Is there a known result on finding the function $f$ satisfies
$$\limsup_{n\to\infty}\frac{\tau(n)}{f(n)}=1?$$ where $\tau(n)$ is the number of factor(s) of $n$.
Related:Prove that $d(n)\leq 2\sqrt{n}$
It shows that $f(n)=O(\sqrt n)$.
Some Ideas
Also, letting $n=2^m,m\in\mathbb Z$ gives $f(n)=\Omega(m)$, or $f(n)=\Omega(\ln n)$.
Factorize $n$ into $\prod_ip_i^{\alpha_i}$ gives $\tau(n)=\prod_i(\alpha_i+1)$. So probably the next step to do is to estimate $p_i$.
Wikipedia gives $p_n\le n\ln n+n\ln\ln n$ when $n\ge 6$. Can we use this result to give the better bounds for $f$?

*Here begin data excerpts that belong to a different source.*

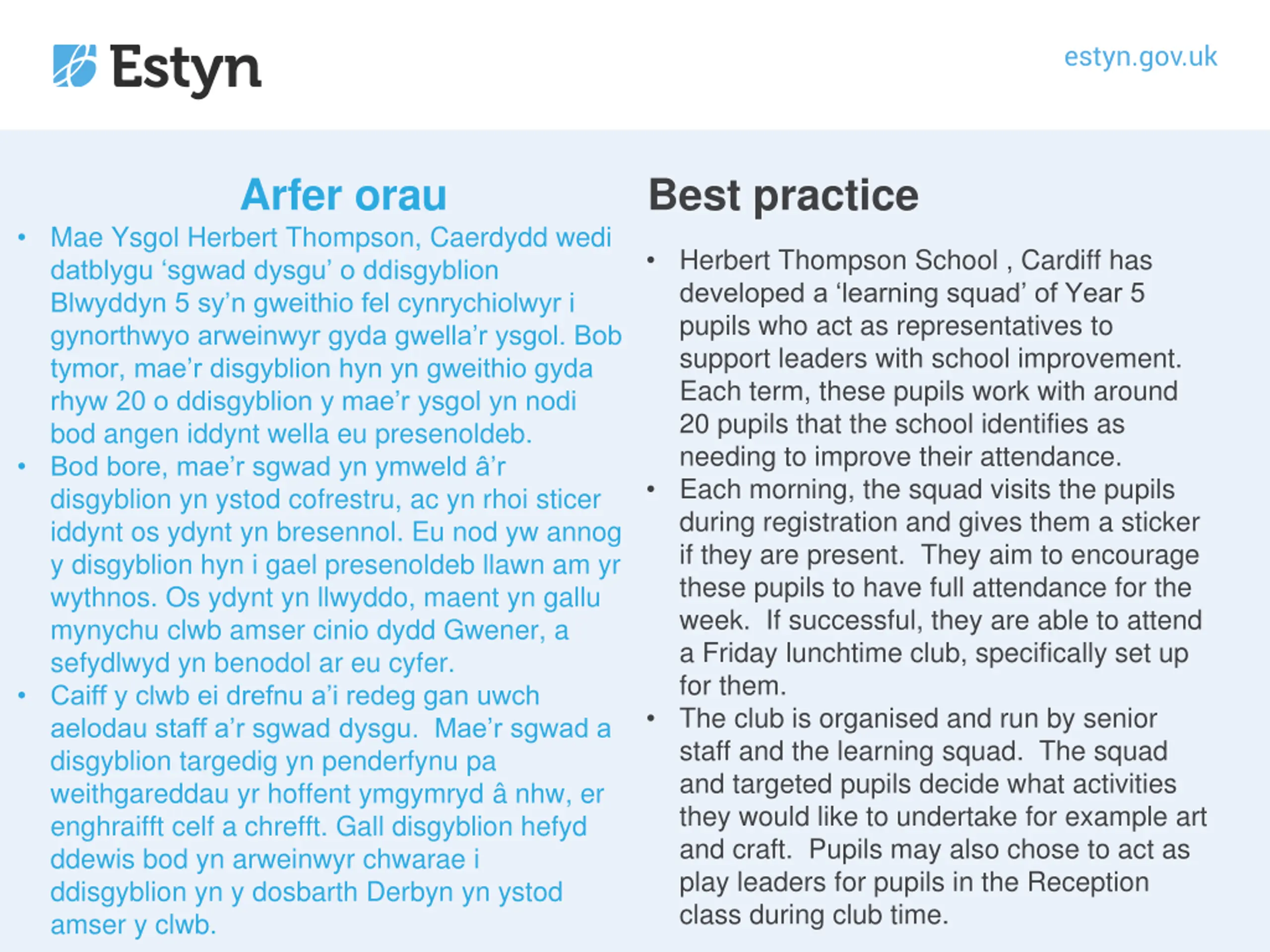Arfer orau Best practice Mae Ysgol Herbert Thompson, Caerdydd wedi datblygu sgwad dysgu o ddisgyblion Blwyddyn 5 sy n gweithio fel cynrychiolwyr i gynorthwyo arweinwyr gyda gwella r ysgol. Bob tymor, mae r disgyblion hyn yn gweithio gyda rhyw 20 o ddisgyblion y mae r ysgol yn nodi bod angen iddynt wella eu presenoldeb. Bod bore, mae r sgwad yn ymweld r disgyblion yn ystod cofrestru, ac yn rhoi sticer iddynt os ydynt yn bresennol. Eu nod yw annog y disgyblion hyn i gael presenoldeb llawn am yr wythnos. Os ydynt yn llwyddo, maent yn gallu mynychu clwb amser cinio dydd Gwener, a sefydlwyd yn benodol ar eu cyfer. Caiff y clwb ei drefnu a i redeg gan uwch aelodau staff a r sgwad dysgu. Mae r sgwad a disgyblion targedig yn penderfynu pa weithgareddau yr hoffent ymgymryd nhw, er enghraifft celf a chrefft. Gall disgyblion hefyd ddewis bod yn arweinwyr chwarae i ddisgyblion yn y dosbarth Derbyn yn ystod amser y clwb. Herbert Thompson School , Cardiff has developed a learning squad of Year 5 pupils who act as representatives to support leaders with school improvement. Each term, these pupils work with around 20 pupils that the school identifies as needing to improve their attendance. Each morning, the squad visits the pupils during registration and gives them a sticker if they are present. They aim to encourage these pupils to have full attendance for the week. If successful, they are able to attend a Friday lunchtime club, specifically set up for them. The club is organised and run by senior staff and the learning squad. The squad and targeted pupils decide what activities they would like to undertake for example art and craft. Pupils may also chose to act as play leaders for pupils in the Reception class during club time.
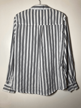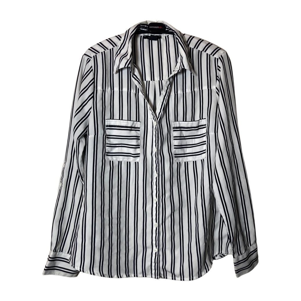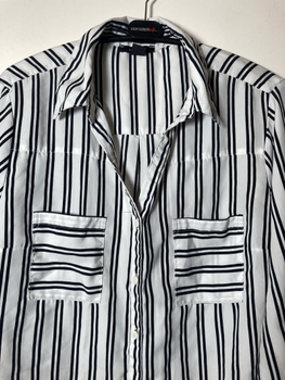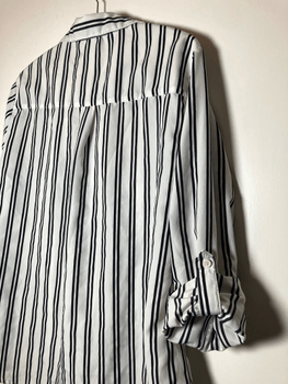 Amisu black-and-white striped button-up shirt. Shirt collar and V-neckline. Button placket starting from the height of the pockets. Two chest pockets. Cuffs on the sleeve ends with open vents and buttons. Sleeves can be rolled up and secured with a strap and buttons. Height can be adjusted. Curved hem and side slits. Longer hem at the back. Back yoke seam with box pleat. In excellent condition. Shoulder width about 43 cm. Circumference at armpit height about 107 cm. Pickup possible from Helsinki. Also for sale elsewhere.
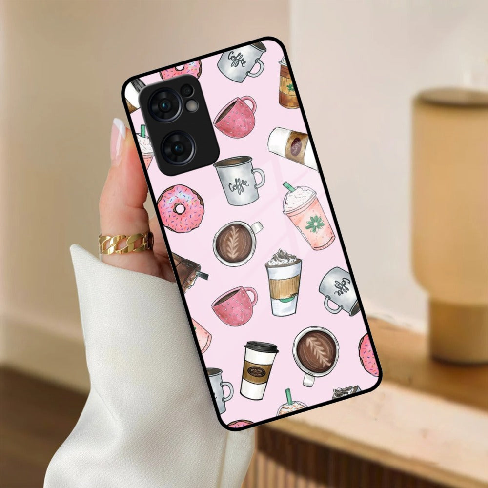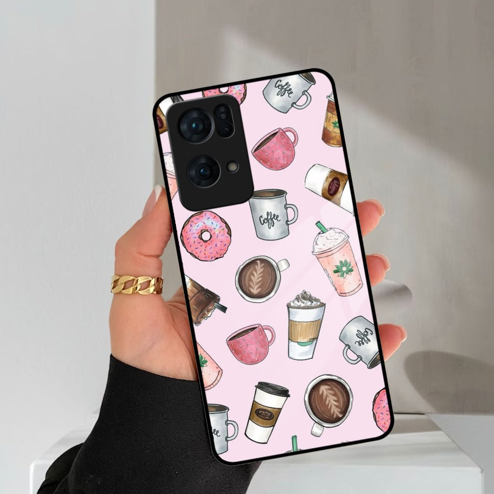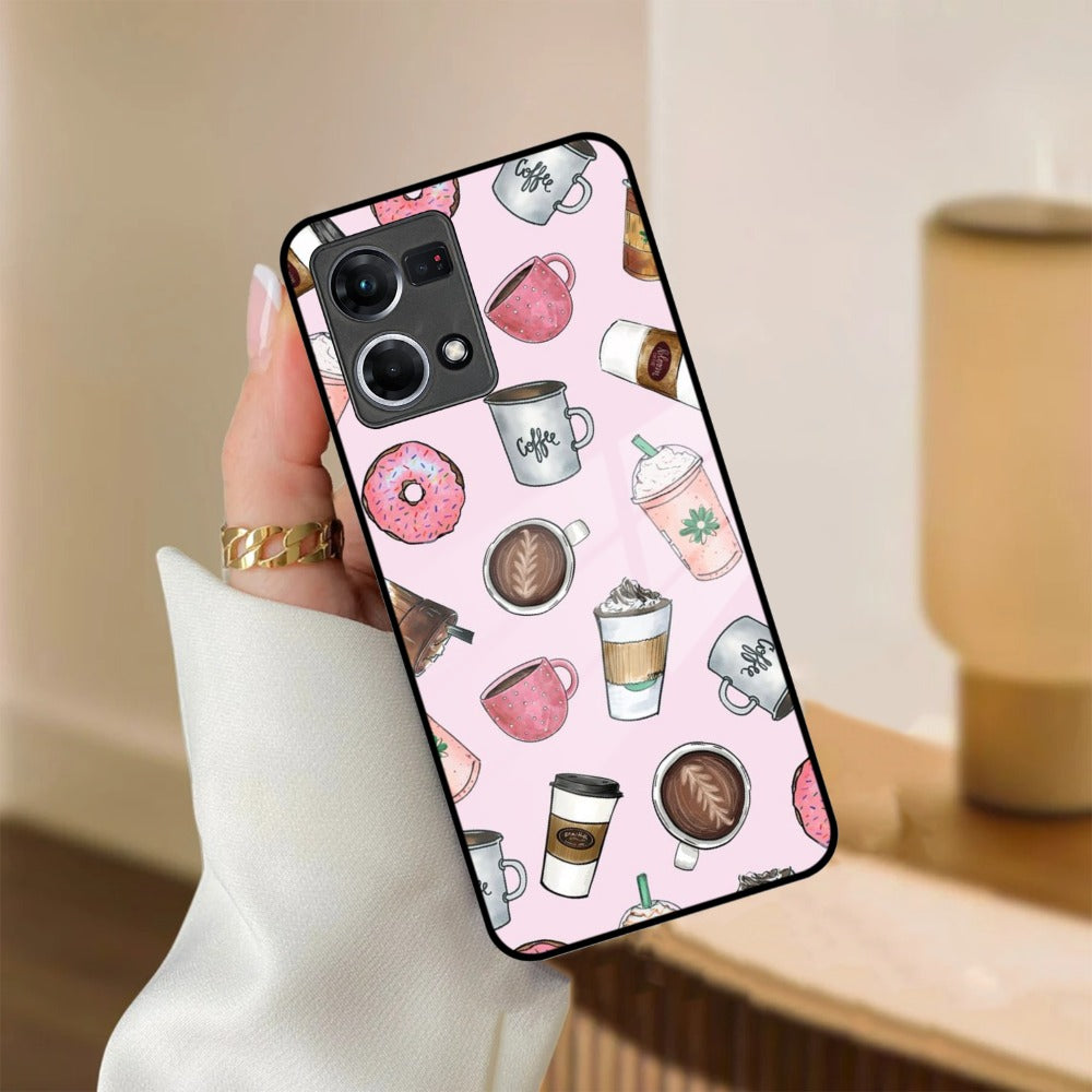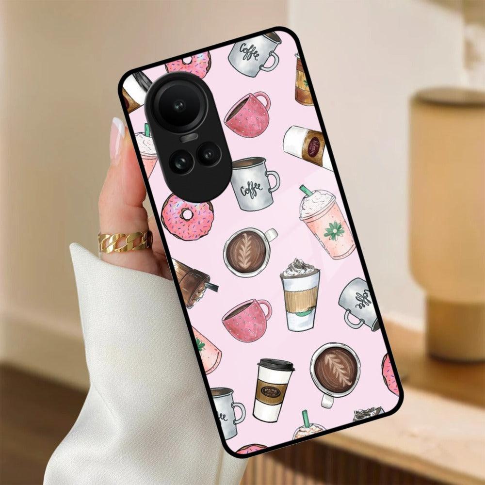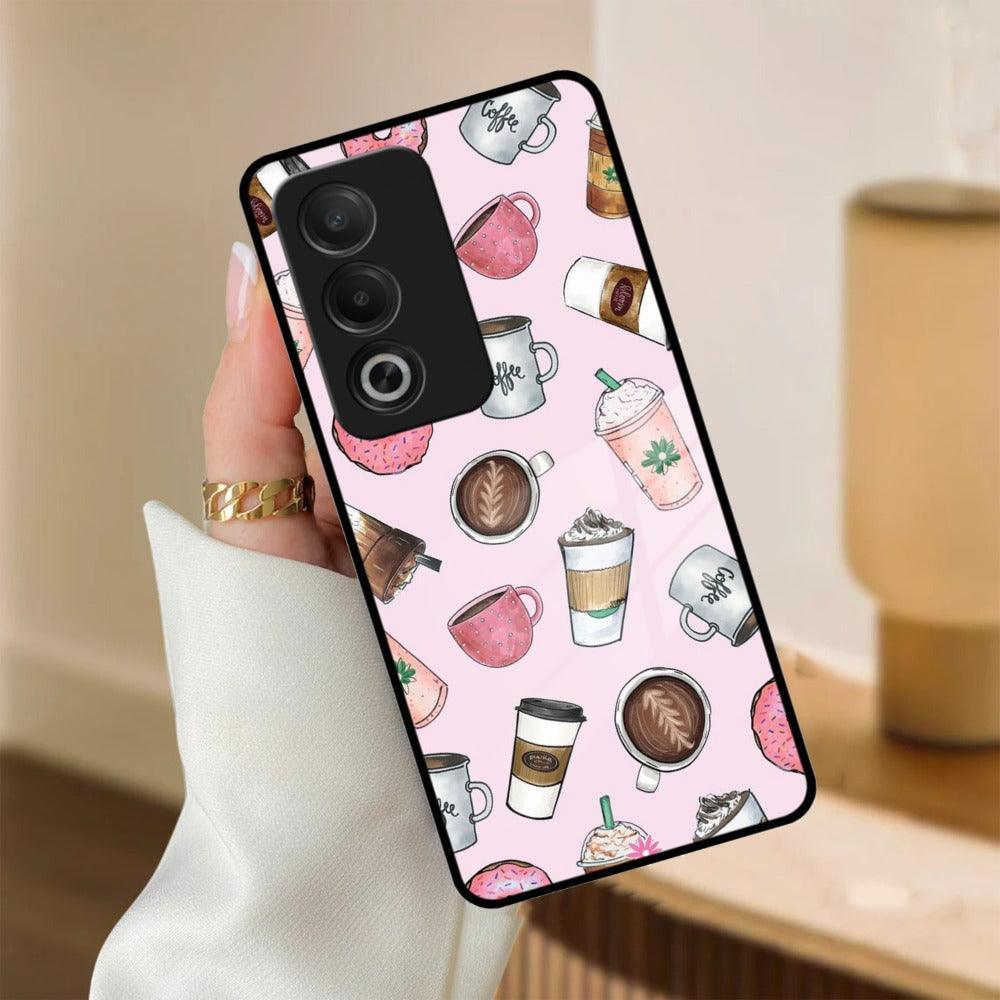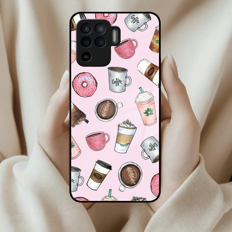 Cute Coffee Snacks Glass Case Cover For Oppo
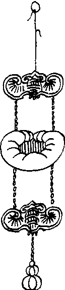 鼻烟铺幌子,绘有黄色图案中间,挂有一个鼻烟壶,使人一目了然,示意铺内出售的产品。

The best result in this direction is due to S. Wigert (1907):$$\limsup_{n\to\infty}\frac{\log\tau (n) \log\log(n)}{\log(2)\log(n)}=1.$$ It comes as a corollary to certain estimates of $\max_{n\le x} \tau(n)$, the strongest of which is due to S. Ramanujan (1915).